WHAT IS BEING ASKED: A faithful copy is needed of the lines below from the one with "Nutzen Sie diese" up to and including the one with "Businesshub NG needed"; set it down with no pictures and no other lines.

GIVEN RECORDS:
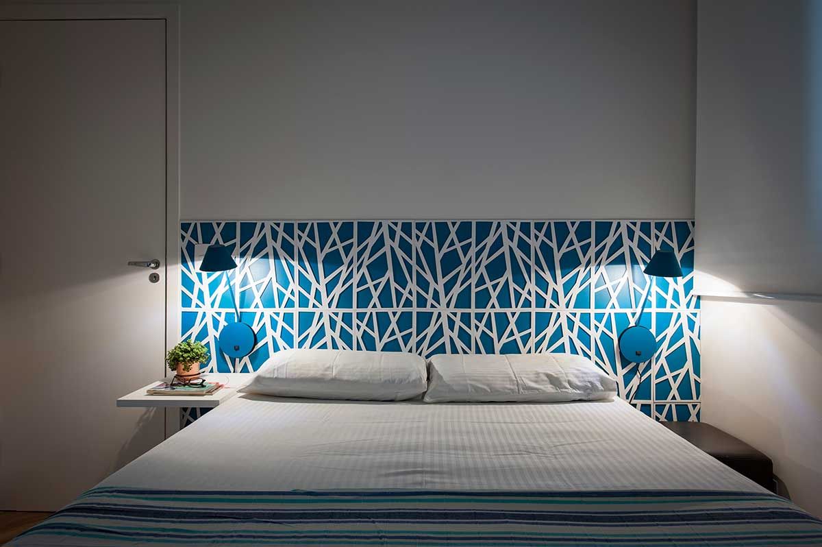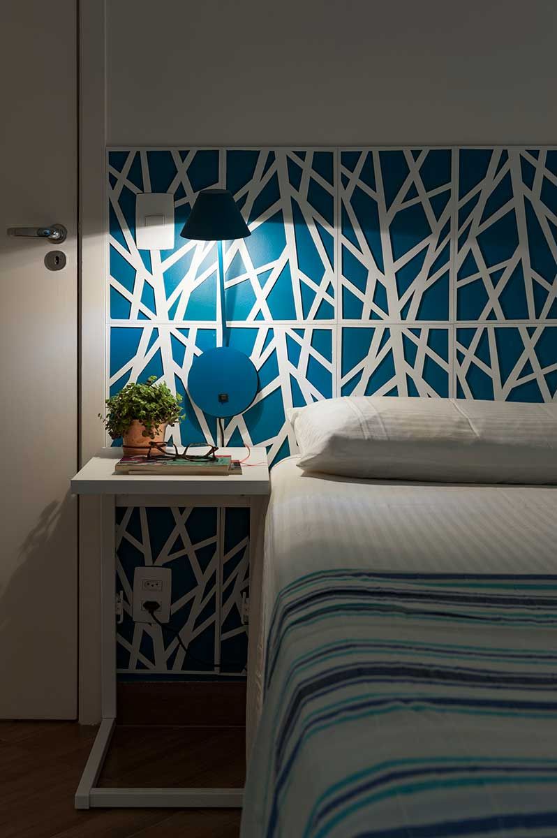 Sem o nicho do armário foi possível reposicionar a cama, com destaque para pintura da cabeceira. O resultado foi um quarto minimalista e que atende as necessidades e desejos do casal.
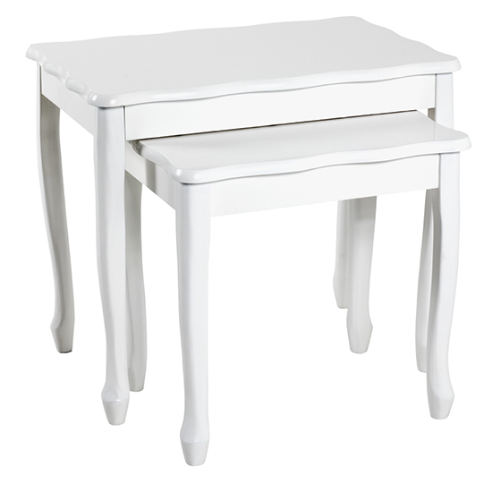 FEATURES : Material : Solid Wood, MDF Finish : White Wooden Set Of 2 Side Tables In White Frame made of solid wood lacquered in white Shelves made of MDF lacquered in white Available at an affordable price Images shown are for illustration purpose only LARGE TABLE DIMENSIONS : Height : 48cm Width : 56cm Depth : 36cm SMALL TABLE DIMENSIONS : Height : 41cm Width : 43cm Depth : 32cm
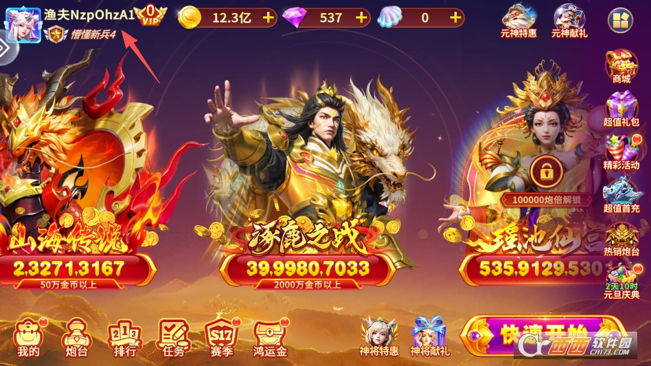 大富豪捕鱼的界面设计简洁直观,充满海洋风情,功能分区清晰明了,就算是第一次接触捕鱼游戏的新手也能快速上手。首页清晰划分了竞技场入口、福利中心、炮台升级、背包等核心功能区,常用的开炮、锁定等操作按钮布局合理,点击屏幕就能精准瞄准鱼群,学习成本极低。
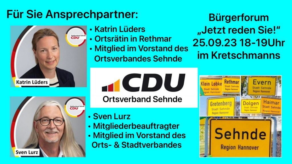 Nutzen Sie diese Gelegenheit, Ihre Stimme zu erheben und aktiv an der Gestaltung Ihrer Gemeinde teilzunehmen. Der CDU Ortsverband Sehnde freut sich auf einen spannenden und konstruktiven Austausch.
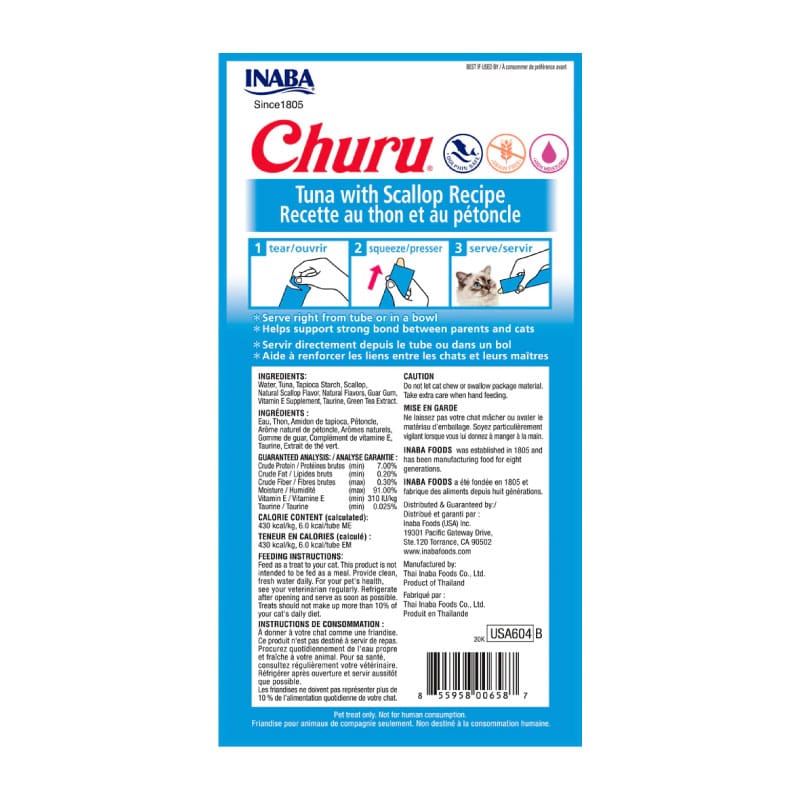 Inaba Churu Gato Sabor Atún y Ostion 4 Tubos
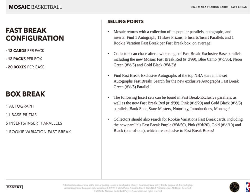 NBA 2024-25 Panini Mosaic Basketball Fast Break版 Box 8/2入荷
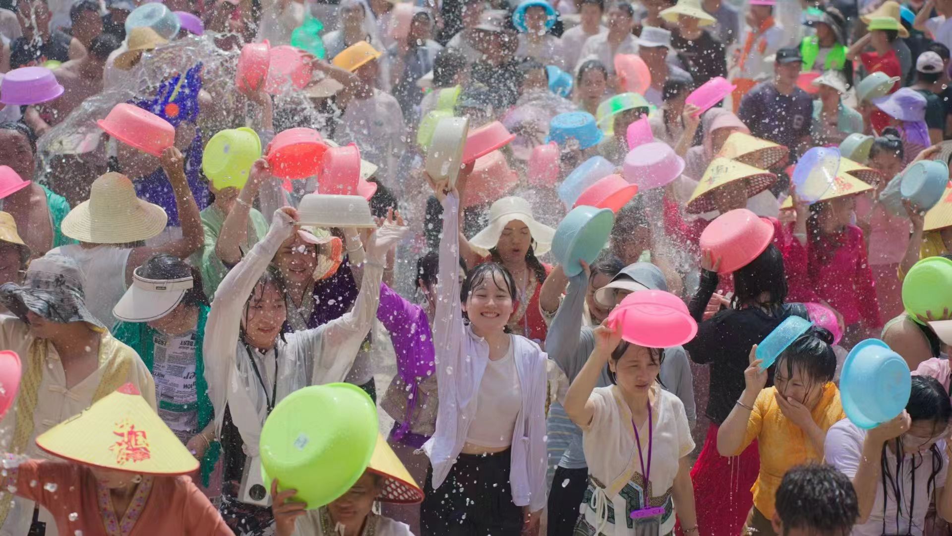祈民族之愿,泼吉祥之水。随着泼水狂欢正式开始,整个泼水广场瞬间沸腾,从四面八方汇聚而来的各族群众早已按捺不住激动的心情,尽情洒着代表幸福、吉祥的水,表达着相互间的祝福,它像一幅流动的画卷,将民族文化与情谊交织在一起,让人们在欢乐与祝福中切身感受各民族共同团结奋斗共同繁荣发展的美好。
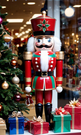 Christmas nutcracker toy in front of a shop window with lights in the background
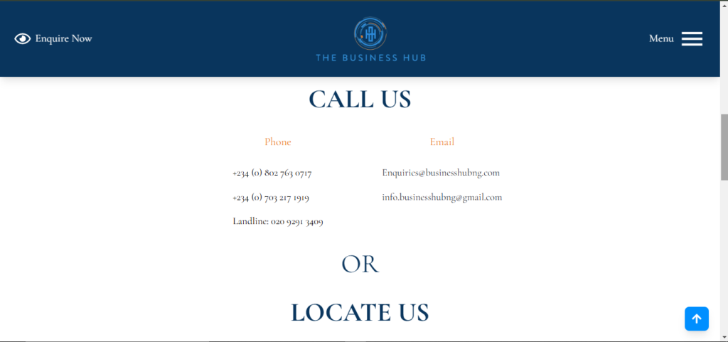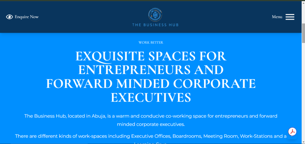 Businesshub NG needed a platform that effectively showcases different workspace options while allowing seamless booking and inquiries. The site had to look modern, professional, and trustworthy, reflecting the sophistication of a premium business environment.
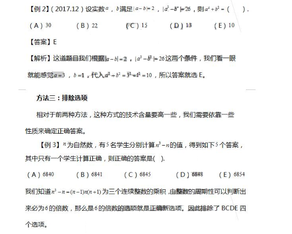 這種方法大家都很熟悉,主要用來(lái)減少計(jì)算所用的時(shí)間,比如在做應(yīng)用題時(shí),看完題目能立馬列出一個(gè)方程,但是卻是一個(gè)二元一次方程,你要想做出來(lái),要用一些其他的方法(比如:整除法,尾數(shù)法,奇偶法),最后能分析出來(lái),而對(duì)于一些在職的考生,平時(shí)的練習(xí)時(shí)間不多,對(duì)于這些方法不夠熟悉,運(yùn)算起來(lái)不夠嫻熟,那么我們此時(shí)就可以將選項(xiàng)代入所列的關(guān)系式中去驗(yàn)證,從而找出正確答案。

EXERCISE ANSWER:
 Nutzen Sie diese Gelegenheit, Ihre Stimme zu erheben und aktiv an der Gestaltung Ihrer Gemeinde teilzunehmen. Der CDU Ortsverband Sehnde freut sich auf einen spannenden und konstruktiven Austausch.
 Inaba Churu Gato Sabor Atún y Ostion 4 Tubos
 NBA 2024-25 Panini Mosaic Basketball Fast Break版 Box 8/2入荷
祈民族之愿,泼吉祥之水。随着泼水狂欢正式开始,整个泼水广场瞬间沸腾,从四面八方汇聚而来的各族群众早已按捺不住激动的心情,尽情洒着代表幸福、吉祥的水,表达着相互间的祝福,它像一幅流动的画卷,将民族文化与情谊交织在一起,让人们在欢乐与祝福中切身感受各民族共同团结奋斗共同繁荣发展的美好。
 Christmas nutcracker toy in front of a shop window with lights in the background
 Businesshub NG needed a platform that effectively showcases different workspace options while allowing seamless booking and inquiries. The site had to look modern, professional, and trustworthy, reflecting the sophistication of a premium business environment.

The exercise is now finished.